Cost and ROI
How much does immigration case management software cost?
Immigration case management software typically costs between $55 and $119 per user per month, with pricing varying by feature tier, number of optional modules included, and billing frequency (annual commitments are usually discounted). Some platforms charge flat fees for small teams, while others use per-user pricing that scales with firm size.
eimmigration offers two plans: Starter at $55 per user per month (annual billing) or $60 monthly, which includes 48 standard features and 1 optional module; and Essentials at $100 per user per month (annual) or $110 monthly, which includes all 16 optional modules and API access for firms with 10 or more users. Additional optional modules on the Starter or Essentials plan cost $15 per module per user per month. Data import runs $1,000 for standard migration, and a 50% non-profit discount is available with annual commitment. For comparison, CampLegal prices at $69 to $99 per user per month depending on tier and billing frequency. ImmiBox uses a different model with a $250 flat fee for up to 5 users or $50 to $80 per user per month for larger teams. Docketwise, Toorey, Lawpilot, and NextChapter do not publish pricing publicly. Industry benchmarks suggest that immigration case management software typically pays for itself within 1-3 months through time savings on form preparation, deadline tracking, and data entry, with firms reporting 30-60% reductions in time spent on repetitive administrative tasks.
What results should firms expect from immigration case management software?
Firms should expect measurable reductions in administrative time (30-60% on repetitive tasks), faster case preparation, fewer data entry errors that trigger Requests for Evidence, increased capacity to handle more cases without proportional hiring, and improved client satisfaction from transparent status tracking and faster communication.
The time savings are the most consistently documented result across platforms. Form preparation time drops by 75-80% when intake questionnaire data auto-populates government forms instead of being manually retyped. One case study showed a firm reducing per-case preparation from 35 hours to 15 hours after implementation, which freed capacity to double case volume with the same staffing. eimmigration's published benchmarks include preparing cases 4x faster, completing casework in half the time, and 10-day faster client intakes. Client-facing results include reduced status-check calls and emails (estimated at 25% reduction when clients have portal access to track their own case progress) and faster turnaround on document requests through automated workflows. On the compliance and risk side, automated form validation catches errors before filing, which reduces the rate of RFEs that cost attorney time and delay case resolution. The operational capacity gain is particularly significant for small firms: handling 20% more cases with the same staff translates directly to revenue growth without incremental hiring costs. Results vary by firm size, caseload mix, and how thoroughly the firm adopts the platform's automation capabilities, so firms that only use the software as a document storage system will see far less benefit than those that implement workflow automation, automated intake, and deadline monitoring.
What happens to case data if you cancel immigration software?

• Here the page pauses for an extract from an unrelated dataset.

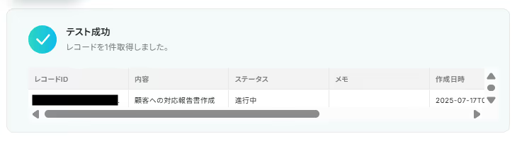 テストに成功し、レコード情報が1件取得されました。「保存する」をクリックします。
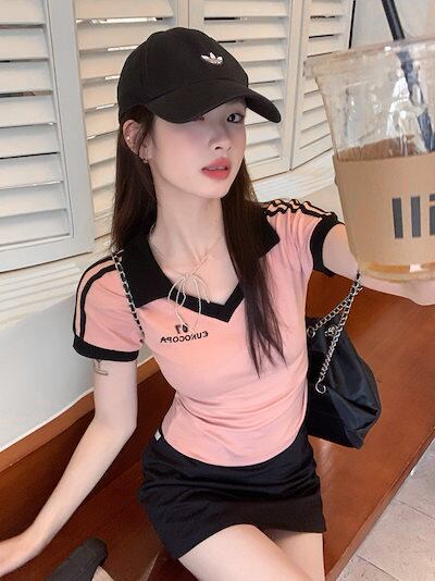 2024 春夏トップス 大人可愛い半袖 Tシャツ 韓国 ラウンドネックロゴスリム かわいいへそ出し ショート おしゃれスリーブ カジュアルサイドコーデ丈 ファッション系レディースストリートお出かけ T

When a firm cancels immigration case management software, it typically loses access to the live platform at the end of the billing period and must export all case data, documents, and records before that date. Data ownership generally remains with the firm, but the ability to retrieve data after cancellation depends on the vendor's specific retention and deletion policies.
Standard industry practice gives firms a window (commonly 30 days) to export their data before the account is fully deactivated. After that window closes, the vendor may delete the data or archive it on backup systems for an additional period to satisfy legal, regulatory, or tax retention requirements. Inactive accounts are typically flagged after 12 months and may face data deletion after 24 months of inactivity. The critical risk is failing to export before cancellation, because service suspension for non-payment may prevent data access entirely. Firms should plan the export step before initiating cancellation and verify that the exported data includes not just client records and documents but also case notes, workflow history, audit logs, and communication threads, since these elements are often harder to reconstruct from government records alone. It is worth asking the vendor specific questions before signing: how long data remains accessible after cancellation, what format the export takes (structured database export vs. flat file download), whether audit trail history is included in the export, and whether the vendor offers any post-cancellation data retrieval for an additional fee. eimmigration's public materials do not detail a specific cancellation data policy, so firms evaluating the platform should confirm these terms during the sales process.